TAPAKTUAN | MA — Bupati Aceh Selatan H. Mirwan MS, mengimbau warga agar tidak tergiur dan tidak terjebak meminjam uang kepada rentenir.
Karena, meminjam uang kepada “lembaga” yang sering disebut sebagai lintah darat atau tengkulak itu akan merugikan masyarakat.
Tengkulak itu, melakukan penawaran uang dengan berbagai modus antara dengan menjadikan sebagai bank keliling. Dan, bahkan sering menyamar dengan berbagai nama lainnya di masyarakat.
Praktik rentenir bertentangan dengan nilai-nilai sosial, merugikan ekonomi rakyat, dan paling ditentang dalam syariat Islam.

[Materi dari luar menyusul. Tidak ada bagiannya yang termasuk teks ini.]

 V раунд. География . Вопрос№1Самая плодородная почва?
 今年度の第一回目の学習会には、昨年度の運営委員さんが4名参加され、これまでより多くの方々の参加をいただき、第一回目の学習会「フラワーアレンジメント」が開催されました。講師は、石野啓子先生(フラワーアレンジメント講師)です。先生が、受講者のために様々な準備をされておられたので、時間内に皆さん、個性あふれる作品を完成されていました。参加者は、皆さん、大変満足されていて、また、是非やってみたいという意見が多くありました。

“Mari sama-sama kita jauhi aksi rentenir karena ini termasuk perbuatan yang sangat ditentang agama. Islam telah memberi peringatan keras terhadap praktek riba,” kata Bupati Aceh Selatan, H. Mirwan MS, Sabtu, (2//8/2025).

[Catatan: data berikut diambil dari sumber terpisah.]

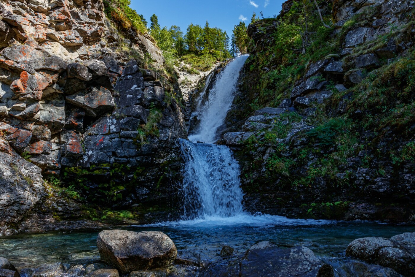 Собираем лагерь и идем на стоянку к Озеру Академическое. Но сначала зайдем на водопад Красивый, который находится на реке Рисйок. Водопад очень живописный, вода в нем, как и во всех реках и ручьях Хибин аквамаринового цвета и исключительно чистая.

Menurutnya, rentenir kerap menyasar masyarakat miskin dan berpenghasilan rendah. Mereka datang seolah menjadi ‘penolong’ namun justru menjerumuskan dalam jeratan bunga atau riba yang mencekik.
“Mereka itu berpura-pura baik. Memberikan pinjaman kecil tanpa jaminan, tapi di balik itu, ada niat mencari untung besar dari penderitaan orang lain. Itulah sebabnya disebut lintah darat karena mengisap darah orang miskin untuk memperkaya diri,” katanya.